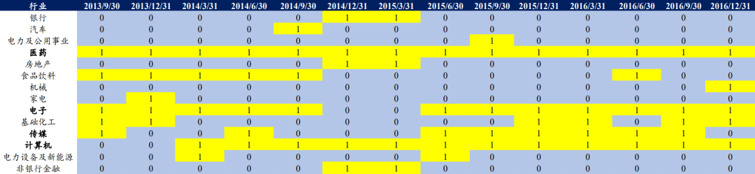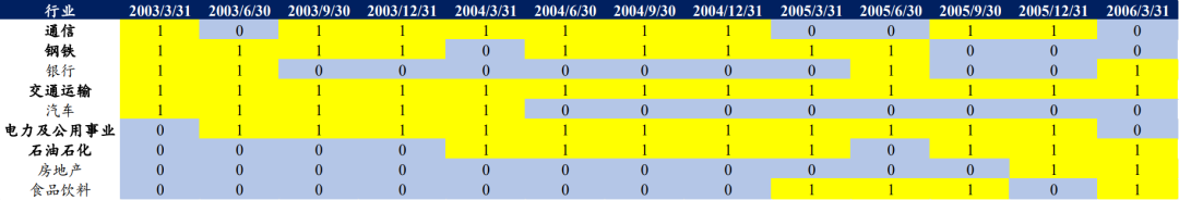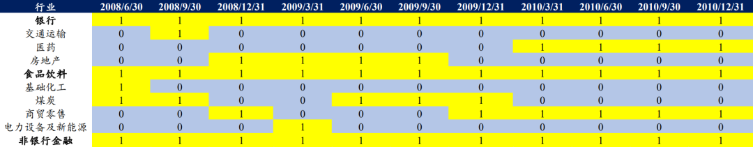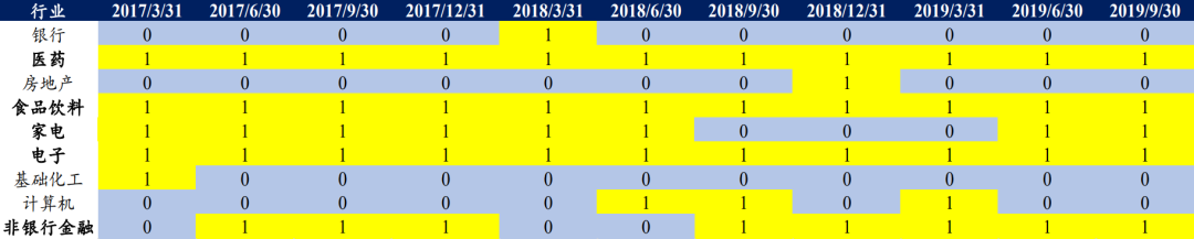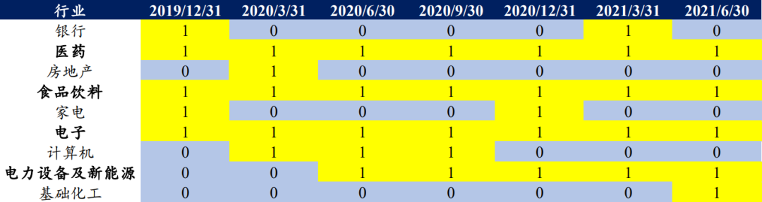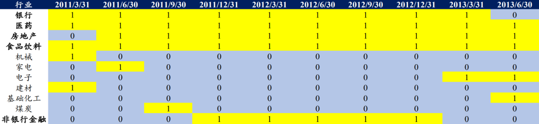 注:1、表中1表示为该行业在该时期入选了公募前5重仓行业,下同;2、底仓板块为所考察时期入选公募前5重仓行业的次数及连续入选次数均较多的行业。
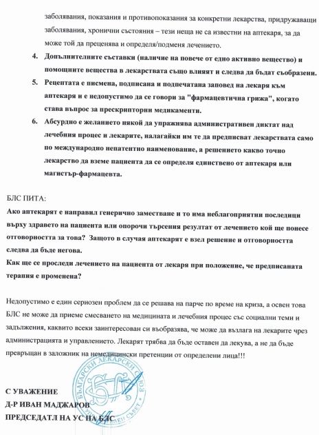 "Недопустимо е един сериозен проблем да се решава на парче по време на криза, а освен това БЛС не може да приеме смесването на медицината и лечебния процес със социални теми и задължения, каквито всеки заинтересован си въобразява, че може да възлага на лекарите чрез администрацията и управлението. Лекарят трябва да бъде оставен да лекува, а не да бъде превръщан в заложник на немедицински претенции от определени лица!", катеорични са медиците в декларацията на БЛС.
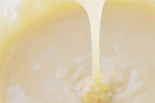 低粉过筛两次加入油奶混合物中,画Z字拌均匀,面糊细滑,没有颗粒;
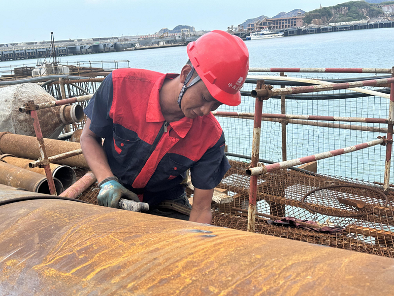 台州海洋与渔业综合执法管理服务基地项目大陈执法点码 头现场,电焊工人正在紧张有序地进行钢护筒焊接施工。( 宁波分公司)
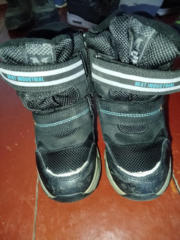 чоботи дитячі теплі, зимові. Розмір 28, по устілці 18см. Стан на фото. замки працюють але бігунків не мають. Взувались через липучки, замками не користувались, не замокають.
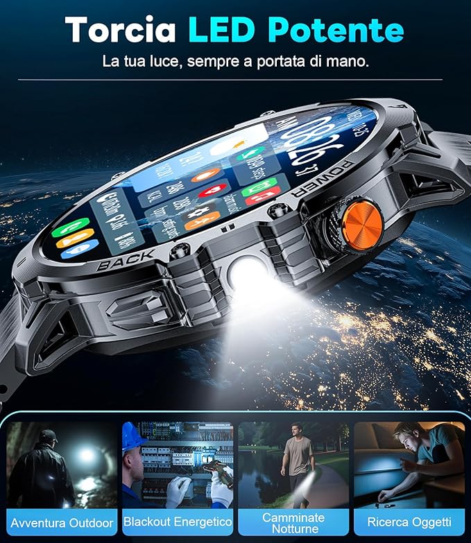 - 💪【1000mAh Battery & Built-in LED Flashlight】This men's smartwatch is equipped with a powerful 1000mAh battery, offering up to 65 days of standby time. Stay focused on your outdoor adventures without the hassle of frequent charging. Whether you're hiking, training, or exploring, the battery delivers reliable performance when you need it most. The built-in LED flashlight enhances visibility and safety, letting you check the time or your path even in darkness—perfect for nighttime activities or harsh weather. An ideal choice for men who value durability and functionality.
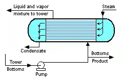 Kettle reboilers (Image 1) are very simple and reliable. They may require pumping of the column bottoms liquid into the kettle, or there may be sufficient liquid head to deliver the liquid into the reboiler. In this reboiler type, steam flows through the tube bundle and exits as condensate. The liquid from the bottom of the tower, commonly called the bottoms, flows through the shell side. There is a retaining wall or overflow weir separating the tube bundle from the reboiler section where the residual reboiled liquid (called the bottoms product) is withdrawn, so that the tube bundle is kept covered with liquid and reduce the amount of low-boiling compounds in the bottoms product.
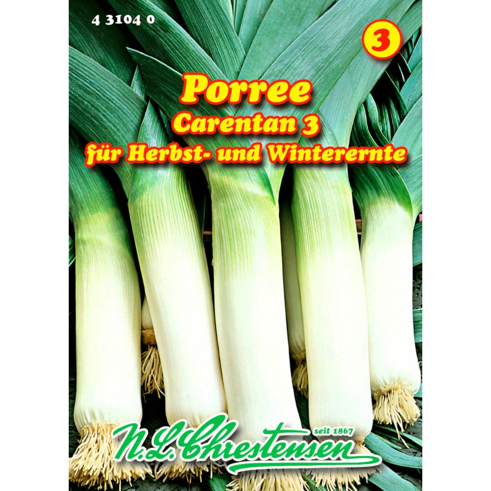 Der Porree Carentan 3 mit mittellangem, fast geradem Schaft ist eine GemĂŒsesorte, welche im Herbst als auch Winter erntbar ist. Die Tatsache, dass der Porree winterhart und es möglich ist bis im FrĂŒhjahr zur ernten, zeichnet den Carentan aus.
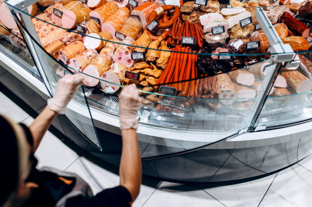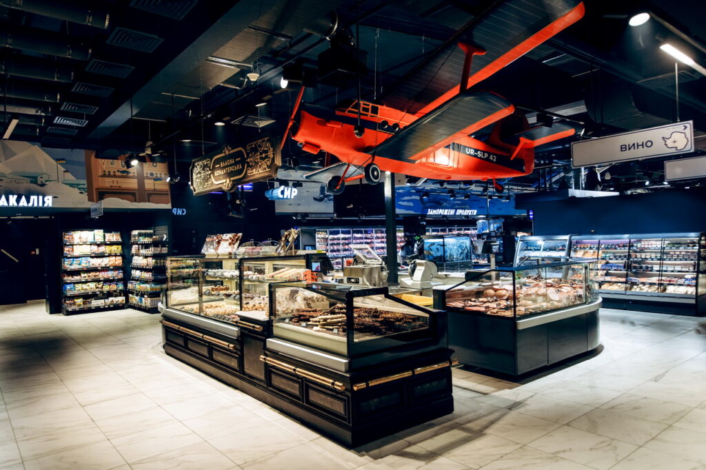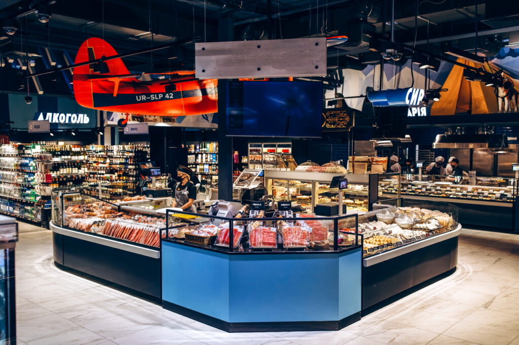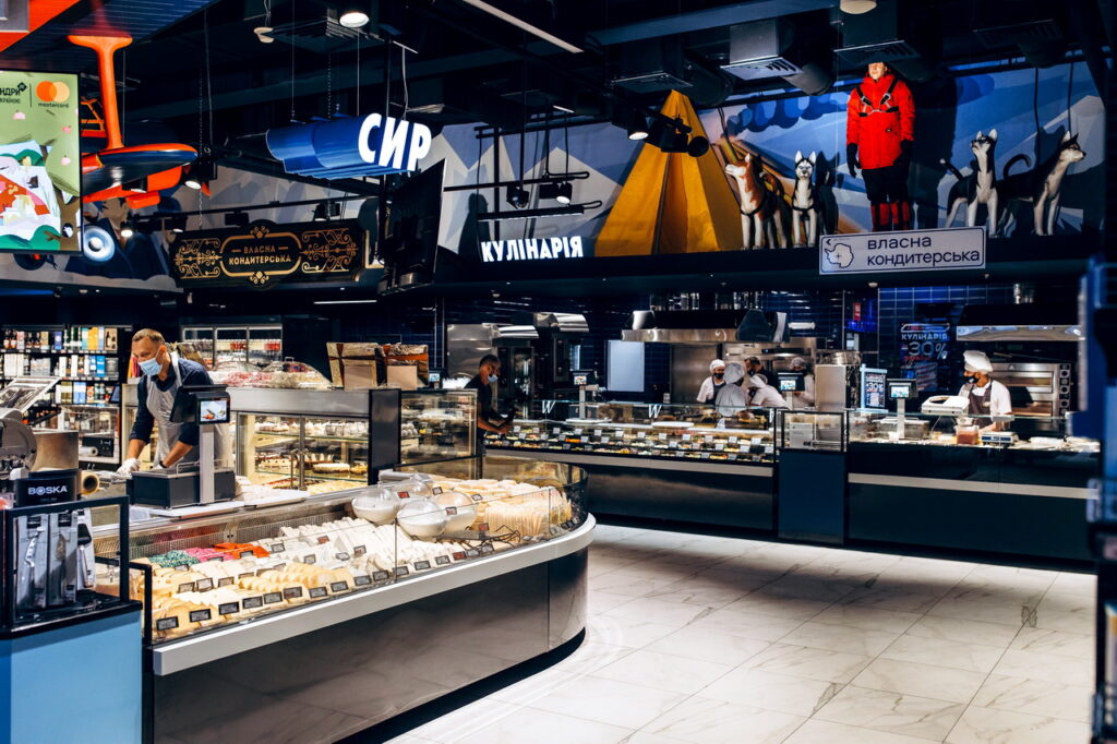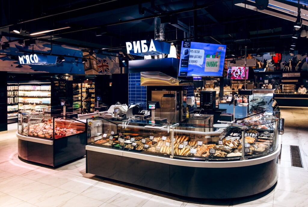 Модифікація холодильних вітрин Cube S зі сферичними кутовими елементами використана для формування острівних зон продажу риби, свіжого м’яса та гастрономії.
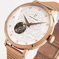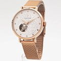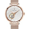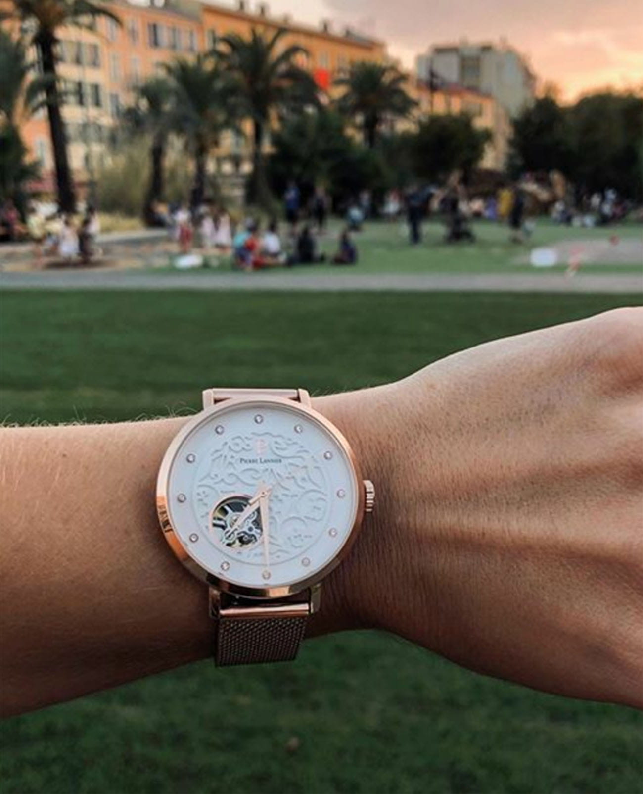 Женские механические часы с автоподзаводом Pierre Lannier Eolia 310F908. Минеральное стеклоМинеральное стеклоМинеральное стекло представляет собой искусственно выращенный минерал кварца. Такое стекло отличается особой устойчивостью к повреждениям и царапинам. Уступает по некоторым качествам сапфировому стеклу. устойчивое к мелким механическим повреждениям. Центральные часовая, минутная и секундная стрелки. Белый циферблат с открытым балансом хода украшен кристаллами Swarovski в местах часовых меток. Корпус и браслет выполнен из нержавеющей стали с IP-покрытиемIP-покрытиеМетод ионного напыления. Демонстрирует повышенную устойчивость к истиранию, окислению и химическим веществам. Под воздействием высокого давления и температуры около 1500°C молекулы металла надёжно соединяются с частицами корпуса часов..  Водостойкость: 50 метров, позволит защитить корпус от случайных брызг или капель дождя. Прозрачная задняя крышка. Браслет миланского плетения с раскладной застёжкойРаскладная застёжкаТакой тип застёжки используется только на браслетах из металла. Она никогда не раскрывается полностью, происходит разделение на 2 и более частей. Раскладывающая застёжка снизит вероятность потери часов к минимуму..
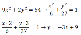 Ad esempio, troviamo l'equazione della tangente all'ellisse9x2 + 2y2 = 54
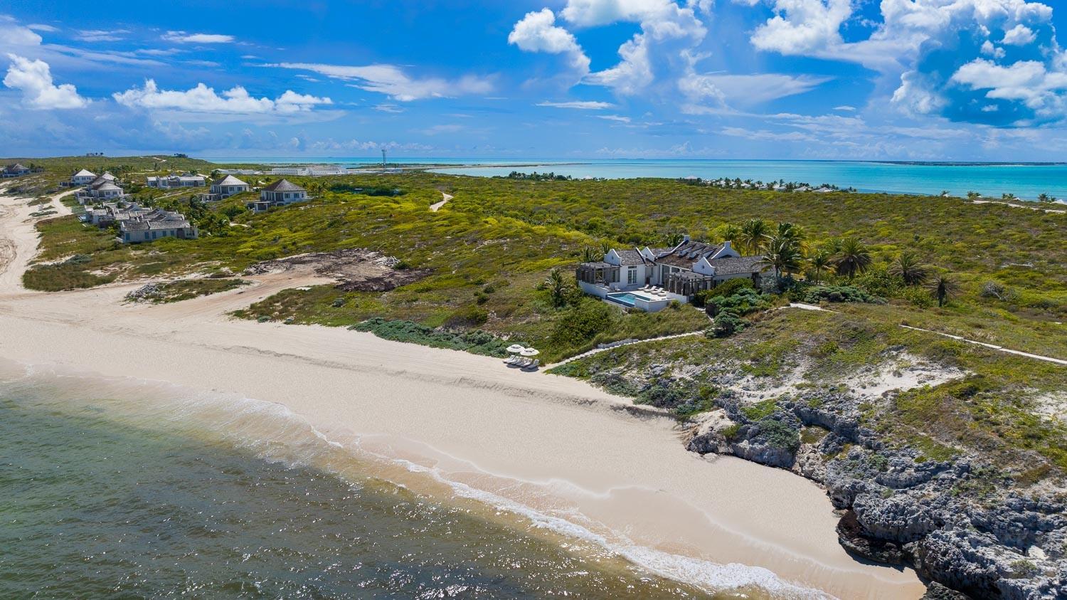 Waypoint occupies one of the most privileged positions in the Turks & Caicos Islands—set on 2.4 acres at the northernmost tip of Ambergris Cay, where turquoise waters meet total seclusion. Elevated thirty-five feet above sea level and framed by lush tropical vegetation, this 3,790 sq. ft. four-bedroom estate commands sweeping views of Columbus Beach and the Caribbean horizon from sunrise to sunset. Designed for refined island living, Waypoint’s architecture celebrates space, light, and privacy. The infinity pool and southeast terrace capture the morning sun over the Caicos Banks, while the west terrace transitions effortlessly to shaded outdoor dining with glowing sunset views. Every room opens to ocean vistas and natural breezes, creating a seamless flow between indoors and out. This exceptional property includes an adjacent lot that ensures lasting privacy or the opportunity for future expansion—an advantage unique to this northern point of Columbus Beach, where no further development will occur beyond the estate. Waypoint’s interiors pair elegant furnishings and top-tier appliances with thoughtful amenities such as a stargazing telescope, HDTV entertainment, and a jacuzzi master bath overlooking the sea. As part of the exclusive Turks & Caicos Collection, Waypoint benefits from full resort services including access to the Club House, Fitness Center, Tennis Courts, Calico Jack restaurant, and the newly upgraded Marina—all within a short golf cart ride. Waypoint represents a rare opportunity to own one of the island’s most private and iconic beachfront estates—an extraordinary balance of architectural simplicity, natural beauty, and enduring value within the Ambergris Cay lifestyle.
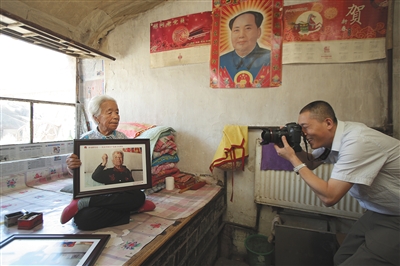 4月24日,延庆展出了450余张老党员照片,摄影师亲自将王老太太的照片送到她的家中。新京报记者 彭子洋 摄
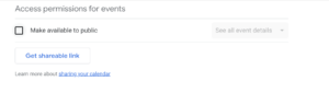 As you repeat the same steps and reach the “Share with specific people or groups” part, you’ll notice an “Access permissions for events” section where you can make your calendar available for the public with a checkmark (image below.)
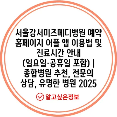 서울강서미즈메디병원 예약 홈페이지 어플 앱 이용법 및 진료시간 공지 (일요일·공휴일 포함) | 종합병원 추천, 전연락 상담, 유명한 병원 2025에 대해 알아보겠습니다.
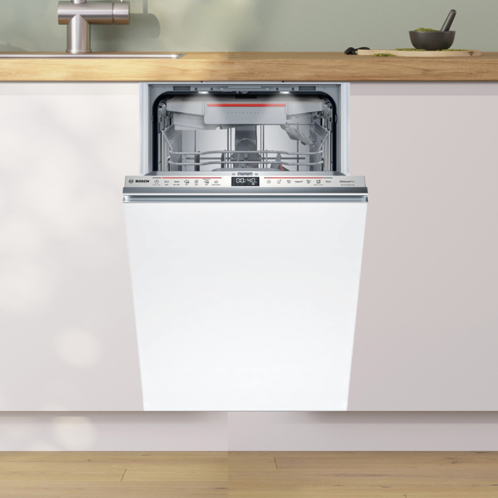 Встраиваемая посудомоечная машина Bosch/ Встраиваемая посудомоечная машина Bosch SPV6EMX76Q Встраиваемая посудомоечная машина Bosch, узкая, 10 комплектов, 10 программ, 6 температурных режимов, электронное управление, дисплей, Aquastop, конденсационная суш
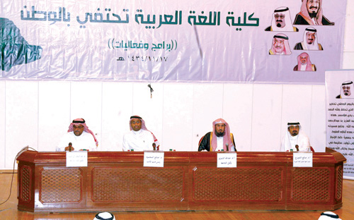 برعاية وكيل جامعة الإمام محمد بن سعود الإسلامية فضيلة الدكتور عبدالله الشثري أقيمت ندوة بمناسبة احتفائية الجامعة باليوم الوطني شارك فيها كل من: الدكتور عبدالملك بن عبدالعزيز آل الشيخ وكيل كلية اللغة العربية للتطوير والجودة، والدكتور صالح الشويرخ عميد معهد تعليم اللغة العربية، وأدار الندوة الدكتور صالح بن عبدالعزيز المحمود رئيس قسم الأدب.
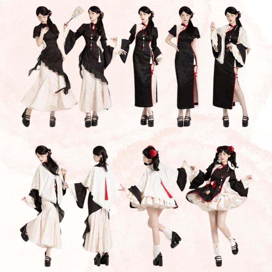 中華風ワンピース 5点セット フィッシュテール チャイナドレス 付け袖 ショール タッセル ヘアピン 華ロリ スリットドレス モデル撮影会 イベント衣装 コンカフェ衣装
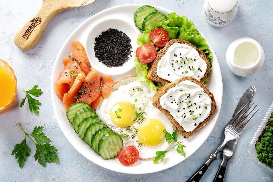 На большую плоскую тарелку выложите листья салата, кусочки хлеба с нежным творожным сыром, жареные яйца, нарезанные огурцы и ломтики красной рыбы. Помидоры черри можно добавить целиком или разрезать их пополам. Перед подачей добавьте кунжут и любую свежую зелень. Праздничный завтрак готов. Приятного аппетита!

_ _ _ _

Exercise requirements —
Omit the pictures; restate every entry word for word.

Solved exercise —
 注:1、表中1表示为该行业在该时期入选了公募前5重仓行业,下同;2、底仓板块为所考察时期入选公募前5重仓行业的次数及连续入选次数均较多的行业。
 "Недопустимо е един сериозен проблем да се решава на парче по време на криза, а освен това БЛС не може да приеме смесването на медицината и лечебния процес със социални теми и задължения, каквито всеки заинтересован си въобразява, че може да възлага на лекарите чрез администрацията и управлението. Лекарят трябва да бъде оставен да лекува, а не да бъде превръщан в заложник на немедицински претенции от определени лица!", катеорични са медиците в декларацията на БЛС.
 低粉过筛两次加入油奶混合物中,画Z字拌均匀,面糊细滑,没有颗粒;
 台州海洋与渔业综合执法管理服务基地项目大陈执法点码 头现场,电焊工人正在紧张有序地进行钢护筒焊接施工。( 宁波分公司)
 чоботи дитячі теплі, зимові. Розмір 28, по устілці 18см. Стан на фото. замки працюють але бігунків не мають. Взувались через липучки, замками не користувались, не замокають.
 - 💪【1000mAh Battery & Built-in LED Flashlight】This men's smartwatch is equipped with a powerful 1000mAh battery, offering up to 65 days of standby time. Stay focused on your outdoor adventures without the hassle of frequent charging. Whether you're hiking, training, or exploring, the battery delivers reliable performance when you need it most. The built-in LED flashlight enhances visibility and safety, letting you check the time or your path even in darkness—perfect for nighttime activities or harsh weather. An ideal choice for men who value durability and functionality.
 Kettle reboilers (Image 1) are very simple and reliable. They may require pumping of the column bottoms liquid into the kettle, or there may be sufficient liquid head to deliver the liquid into the reboiler. In this reboiler type, steam flows through the tube bundle and exits as condensate. The liquid from the bottom of the tower, commonly called the bottoms, flows through the shell side. There is a retaining wall or overflow weir separating the tube bundle from the reboiler section where the residual reboiled liquid (called the bottoms product) is withdrawn, so that the tube bundle is kept covered with liquid and reduce the amount of low-boiling compounds in the bottoms product.
 Der Porree Carentan 3 mit mittellangem, fast geradem Schaft ist eine GemĂŒsesorte, welche im Herbst als auch Winter erntbar ist. Die Tatsache, dass der Porree winterhart und es möglich ist bis im FrĂŒhjahr zur ernten, zeichnet den Carentan aus.
 Модифікація холодильних вітрин Cube S зі сферичними кутовими елементами використана для формування острівних зон продажу риби, свіжого м’яса та гастрономії.
 Женские механические часы с автоподзаводом Pierre Lannier Eolia 310F908. Минеральное стеклоМинеральное стеклоМинеральное стекло представляет собой искусственно выращенный минерал кварца. Такое стекло отличается особой устойчивостью к повреждениям и царапинам. Уступает по некоторым качествам сапфировому стеклу. устойчивое к мелким механическим повреждениям. Центральные часовая, минутная и секундная стрелки. Белый циферблат с открытым балансом хода украшен кристаллами Swarovski в местах часовых меток. Корпус и браслет выполнен из нержавеющей стали с IP-покрытиемIP-покрытиеМетод ионного напыления. Демонстрирует повышенную устойчивость к истиранию, окислению и химическим веществам. Под воздействием высокого давления и температуры около 1500°C молекулы металла надёжно соединяются с частицами корпуса часов..  Водостойкость: 50 метров, позволит защитить корпус от случайных брызг или капель дождя. Прозрачная задняя крышка. Браслет миланского плетения с раскладной застёжкойРаскладная застёжкаТакой тип застёжки используется только на браслетах из металла. Она никогда не раскрывается полностью, происходит разделение на 2 и более частей. Раскладывающая застёжка снизит вероятность потери часов к минимуму..
 Ad esempio, troviamo l'equazione della tangente all'ellisse9x2 + 2y2 = 54
 Waypoint occupies one of the most privileged positions in the Turks & Caicos Islands—set on 2.4 acres at the northernmost tip of Ambergris Cay, where turquoise waters meet total seclusion. Elevated thirty-five feet above sea level and framed by lush tropical vegetation, this 3,790 sq. ft. four-bedroom estate commands sweeping views of Columbus Beach and the Caribbean horizon from sunrise to sunset. Designed for refined island living, Waypoint’s architecture celebrates space, light, and privacy. The infinity pool and southeast terrace capture the morning sun over the Caicos Banks, while the west terrace transitions effortlessly to shaded outdoor dining with glowing sunset views. Every room opens to ocean vistas and natural breezes, creating a seamless flow between indoors and out. This exceptional property includes an adjacent lot that ensures lasting privacy or the opportunity for future expansion—an advantage unique to this northern point of Columbus Beach, where no further development will occur beyond the estate. Waypoint’s interiors pair elegant furnishings and top-tier appliances with thoughtful amenities such as a stargazing telescope, HDTV entertainment, and a jacuzzi master bath overlooking the sea. As part of the exclusive Turks & Caicos Collection, Waypoint benefits from full resort services including access to the Club House, Fitness Center, Tennis Courts, Calico Jack restaurant, and the newly upgraded Marina—all within a short golf cart ride. Waypoint represents a rare opportunity to own one of the island’s most private and iconic beachfront estates—an extraordinary balance of architectural simplicity, natural beauty, and enduring value within the Ambergris Cay lifestyle.
 4月24日,延庆展出了450余张老党员照片,摄影师亲自将王老太太的照片送到她的家中。新京报记者 彭子洋 摄
 As you repeat the same steps and reach the “Share with specific people or groups” part, you’ll notice an “Access permissions for events” section where you can make your calendar available for the public with a checkmark (image below.)
 서울강서미즈메디병원 예약 홈페이지 어플 앱 이용법 및 진료시간 공지 (일요일·공휴일 포함) | 종합병원 추천, 전연락 상담, 유명한 병원 2025에 대해 알아보겠습니다.
 Встраиваемая посудомоечная машина Bosch/ Встраиваемая посудомоечная машина Bosch SPV6EMX76Q Встраиваемая посудомоечная машина Bosch, узкая, 10 комплектов, 10 программ, 6 температурных режимов, электронное управление, дисплей, Aquastop, конденсационная суш
 برعاية وكيل جامعة الإمام محمد بن سعود الإسلامية فضيلة الدكتور عبدالله الشثري أقيمت ندوة بمناسبة احتفائية الجامعة باليوم الوطني شارك فيها كل من: الدكتور عبدالملك بن عبدالعزيز آل الشيخ وكيل كلية اللغة العربية للتطوير والجودة، والدكتور صالح الشويرخ عميد معهد تعليم اللغة العربية، وأدار الندوة الدكتور صالح بن عبدالعزيز المحمود رئيس قسم الأدب.
 中華風ワンピース 5点セット フィッシュテール チャイナドレス 付け袖 ショール タッセル ヘアピン 華ロリ スリットドレス モデル撮影会 イベント衣装 コンカフェ衣装
 На большую плоскую тарелку выложите листья салата, кусочки хлеба с нежным творожным сыром, жареные яйца, нарезанные огурцы и ломтики красной рыбы. Помидоры черри можно добавить целиком или разрезать их пополам. Перед подачей добавьте кунжут и любую свежую зелень. Праздничный завтрак готов. Приятного аппетита!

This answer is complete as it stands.